_Task description_.
Could you print the stretch of lines below from the one with "Boucles d'oreilles créoles" through the one with "T-shirt damski oversize", exactly as they stand and without any pictures?

══ Listed entries

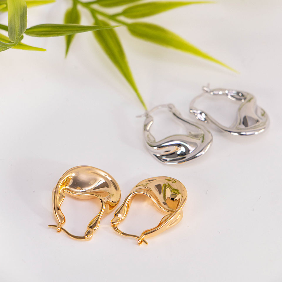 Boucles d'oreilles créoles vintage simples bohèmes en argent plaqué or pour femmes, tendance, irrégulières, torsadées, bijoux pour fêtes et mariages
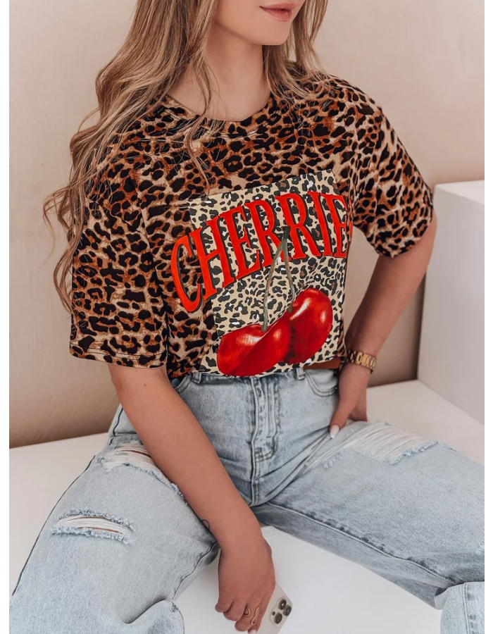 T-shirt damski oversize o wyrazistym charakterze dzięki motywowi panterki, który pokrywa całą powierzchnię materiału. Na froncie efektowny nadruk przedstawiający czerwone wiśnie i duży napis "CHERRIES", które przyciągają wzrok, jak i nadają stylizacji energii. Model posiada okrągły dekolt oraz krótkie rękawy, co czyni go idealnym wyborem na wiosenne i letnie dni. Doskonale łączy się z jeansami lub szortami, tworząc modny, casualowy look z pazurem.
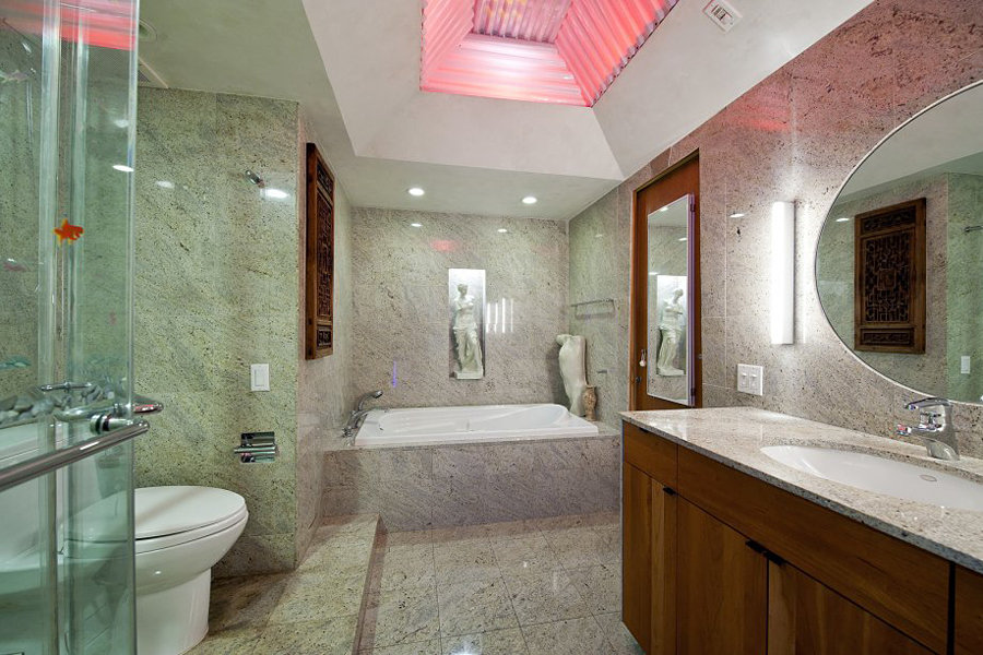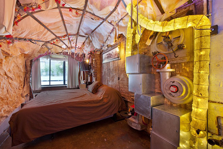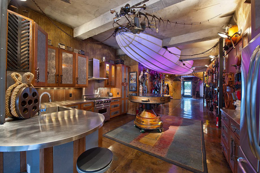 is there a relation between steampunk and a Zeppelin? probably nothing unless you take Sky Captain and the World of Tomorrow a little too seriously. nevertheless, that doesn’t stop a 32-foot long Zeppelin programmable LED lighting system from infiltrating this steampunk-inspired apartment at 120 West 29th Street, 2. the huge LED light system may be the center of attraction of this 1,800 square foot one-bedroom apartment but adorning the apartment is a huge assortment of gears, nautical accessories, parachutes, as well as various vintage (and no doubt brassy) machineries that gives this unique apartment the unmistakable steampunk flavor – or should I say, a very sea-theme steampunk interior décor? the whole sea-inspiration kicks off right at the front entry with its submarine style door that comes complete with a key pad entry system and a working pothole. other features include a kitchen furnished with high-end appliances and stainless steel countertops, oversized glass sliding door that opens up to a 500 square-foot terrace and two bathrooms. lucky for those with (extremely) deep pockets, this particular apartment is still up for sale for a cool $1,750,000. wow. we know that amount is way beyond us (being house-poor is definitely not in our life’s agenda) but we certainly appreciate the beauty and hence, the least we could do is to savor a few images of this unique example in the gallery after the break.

════
══ Listed entries

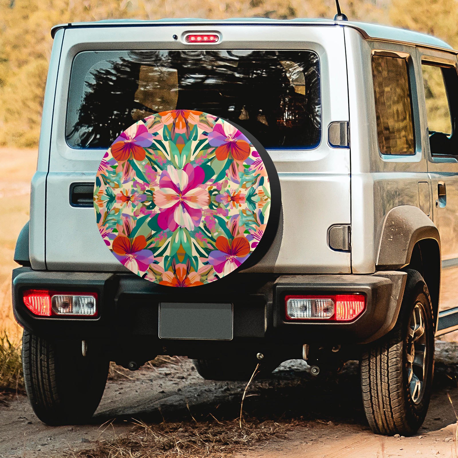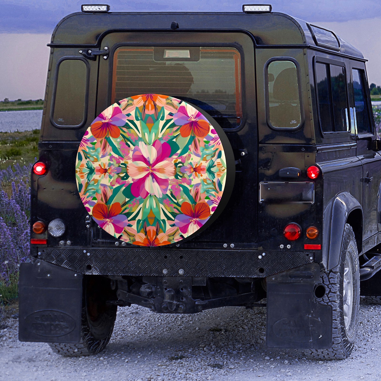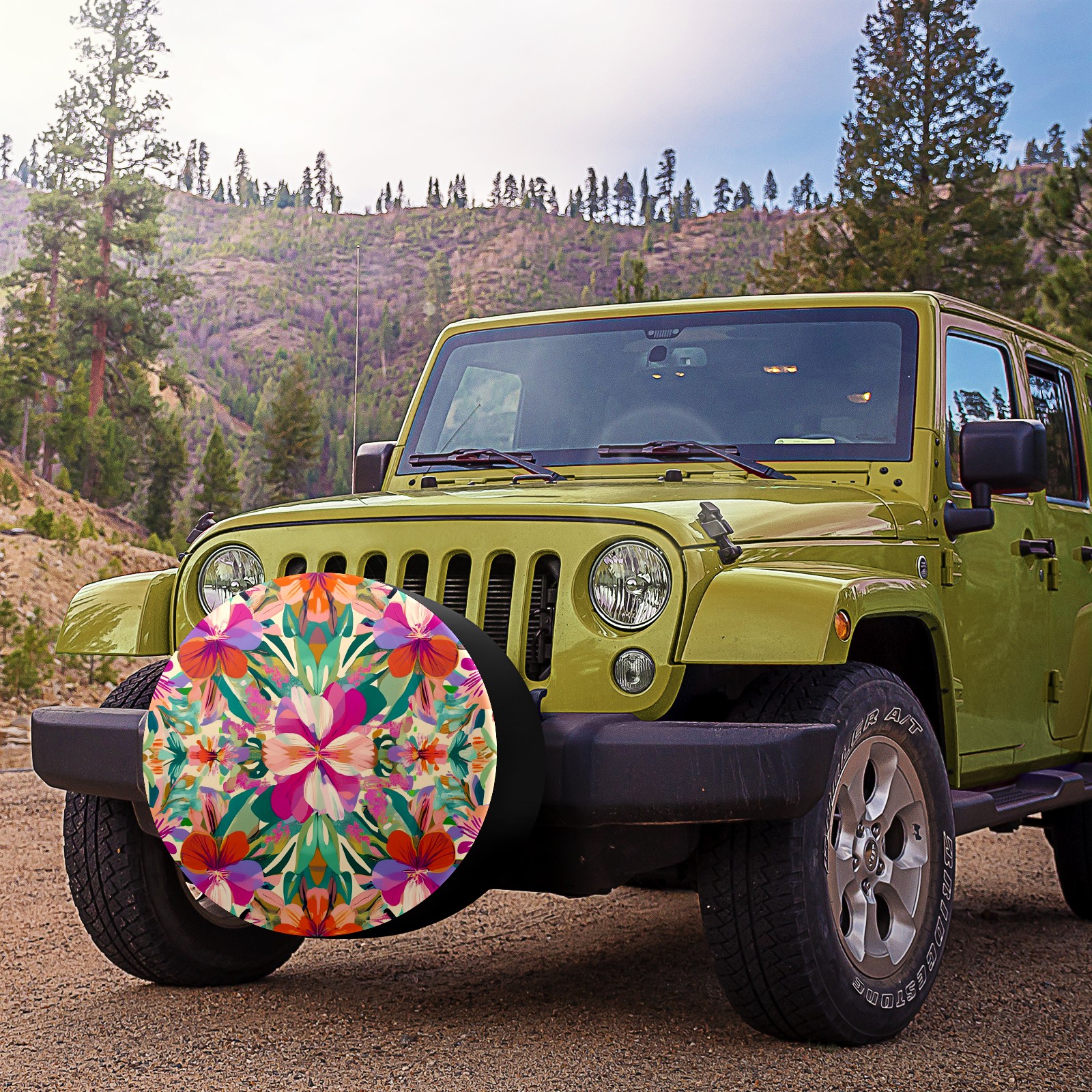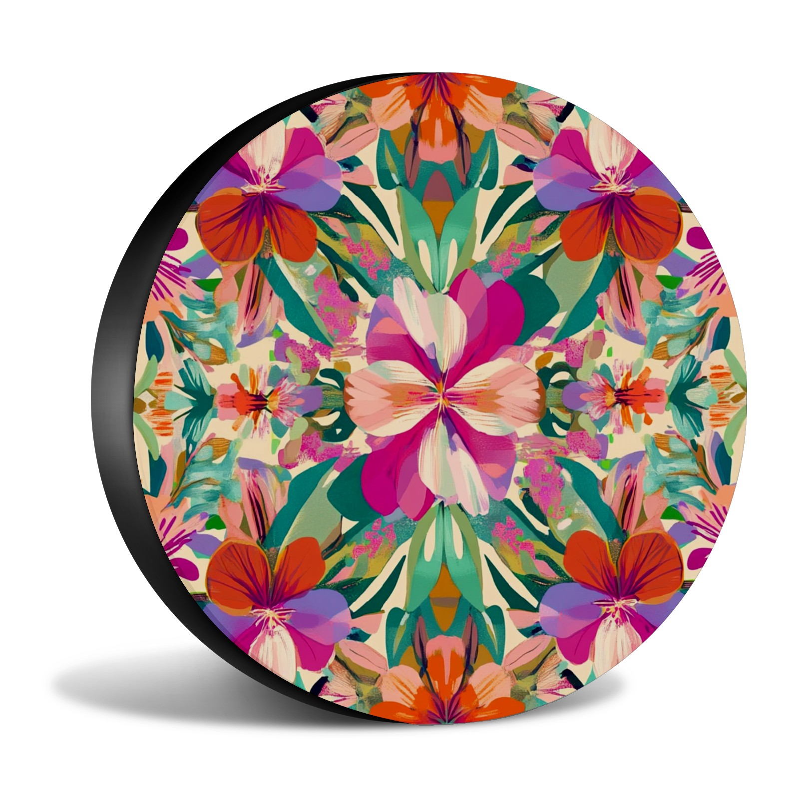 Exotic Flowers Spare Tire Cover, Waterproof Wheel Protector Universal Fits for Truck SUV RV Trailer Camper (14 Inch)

════
══ Listed entries

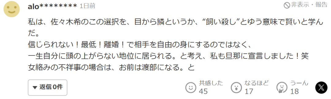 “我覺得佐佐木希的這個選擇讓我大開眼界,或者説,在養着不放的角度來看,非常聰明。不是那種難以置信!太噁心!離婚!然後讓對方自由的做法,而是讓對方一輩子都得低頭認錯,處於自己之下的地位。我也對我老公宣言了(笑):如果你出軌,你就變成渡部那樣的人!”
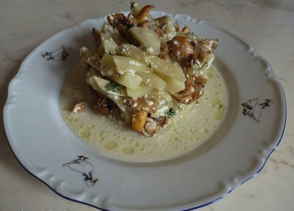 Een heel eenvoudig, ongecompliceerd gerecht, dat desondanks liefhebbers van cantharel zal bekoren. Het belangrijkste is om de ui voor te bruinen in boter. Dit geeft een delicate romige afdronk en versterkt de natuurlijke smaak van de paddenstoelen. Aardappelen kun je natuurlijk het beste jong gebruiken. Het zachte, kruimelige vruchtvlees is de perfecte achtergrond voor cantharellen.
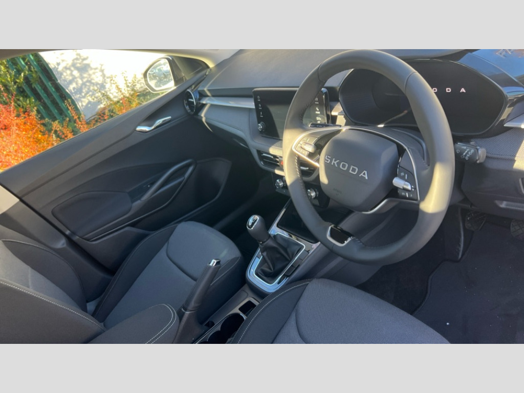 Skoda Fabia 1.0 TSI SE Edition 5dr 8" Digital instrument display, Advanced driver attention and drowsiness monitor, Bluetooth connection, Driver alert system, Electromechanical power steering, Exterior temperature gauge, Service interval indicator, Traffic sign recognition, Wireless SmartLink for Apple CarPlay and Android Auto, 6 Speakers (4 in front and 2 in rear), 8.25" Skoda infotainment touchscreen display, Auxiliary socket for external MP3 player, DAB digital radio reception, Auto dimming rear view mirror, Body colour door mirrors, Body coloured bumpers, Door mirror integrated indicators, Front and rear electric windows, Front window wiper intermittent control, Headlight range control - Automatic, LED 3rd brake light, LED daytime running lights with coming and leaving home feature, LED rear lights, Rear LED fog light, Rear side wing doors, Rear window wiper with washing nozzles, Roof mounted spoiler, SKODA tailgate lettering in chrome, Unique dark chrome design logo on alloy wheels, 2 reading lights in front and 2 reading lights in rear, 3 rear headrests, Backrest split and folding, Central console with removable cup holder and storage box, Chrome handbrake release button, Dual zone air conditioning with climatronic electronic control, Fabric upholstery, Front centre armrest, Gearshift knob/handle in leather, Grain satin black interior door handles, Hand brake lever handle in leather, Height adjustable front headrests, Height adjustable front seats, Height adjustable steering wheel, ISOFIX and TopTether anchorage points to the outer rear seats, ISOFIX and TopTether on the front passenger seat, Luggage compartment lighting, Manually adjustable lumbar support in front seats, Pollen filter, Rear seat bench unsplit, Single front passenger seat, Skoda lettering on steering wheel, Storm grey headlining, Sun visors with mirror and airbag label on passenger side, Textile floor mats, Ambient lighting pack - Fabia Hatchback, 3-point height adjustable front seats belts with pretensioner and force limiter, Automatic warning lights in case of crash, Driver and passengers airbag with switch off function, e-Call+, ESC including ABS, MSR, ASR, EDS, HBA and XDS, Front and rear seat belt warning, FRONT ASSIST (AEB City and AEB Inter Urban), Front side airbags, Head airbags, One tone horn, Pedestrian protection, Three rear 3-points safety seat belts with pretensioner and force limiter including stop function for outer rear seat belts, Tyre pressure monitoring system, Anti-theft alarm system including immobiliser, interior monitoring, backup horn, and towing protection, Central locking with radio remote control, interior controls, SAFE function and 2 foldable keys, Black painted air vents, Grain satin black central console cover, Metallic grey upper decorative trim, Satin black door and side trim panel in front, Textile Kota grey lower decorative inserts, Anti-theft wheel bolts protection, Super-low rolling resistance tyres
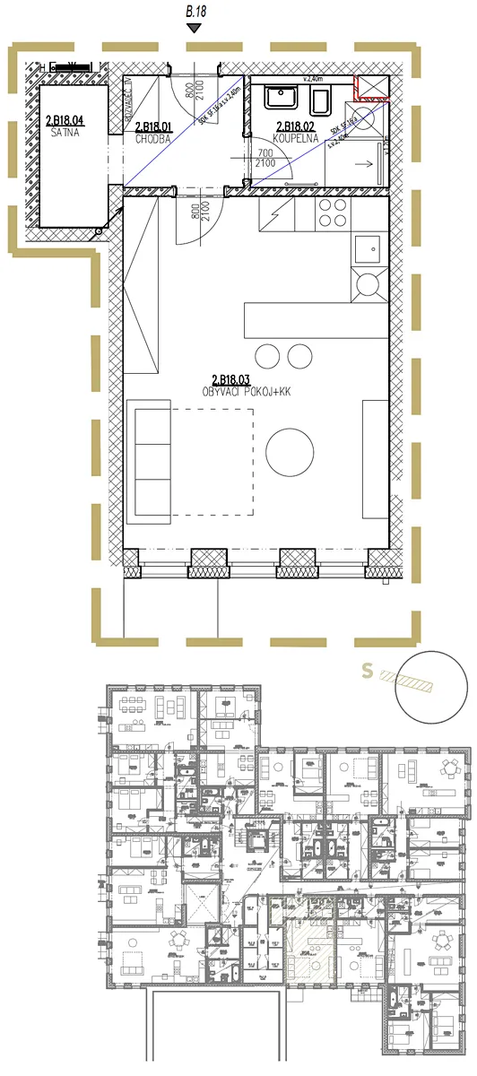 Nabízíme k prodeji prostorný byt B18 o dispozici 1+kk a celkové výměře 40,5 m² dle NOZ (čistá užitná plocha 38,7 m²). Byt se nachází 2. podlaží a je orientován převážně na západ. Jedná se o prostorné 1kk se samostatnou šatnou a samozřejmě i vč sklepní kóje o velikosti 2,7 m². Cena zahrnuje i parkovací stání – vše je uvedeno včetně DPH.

════

_Solution_.
 Boucles d'oreilles créoles vintage simples bohèmes en argent plaqué or pour femmes, tendance, irrégulières, torsadées, bijoux pour fêtes et mariages
 T-shirt damski oversize o wyrazistym charakterze dzięki motywowi panterki, który pokrywa całą powierzchnię materiału. Na froncie efektowny nadruk przedstawiający czerwone wiśnie i duży napis "CHERRIES", które przyciągają wzrok, jak i nadają stylizacji energii. Model posiada okrągły dekolt oraz krótkie rękawy, co czyni go idealnym wyborem na wiosenne i letnie dni. Doskonale łączy się z jeansami lub szortami, tworząc modny, casualowy look z pazurem.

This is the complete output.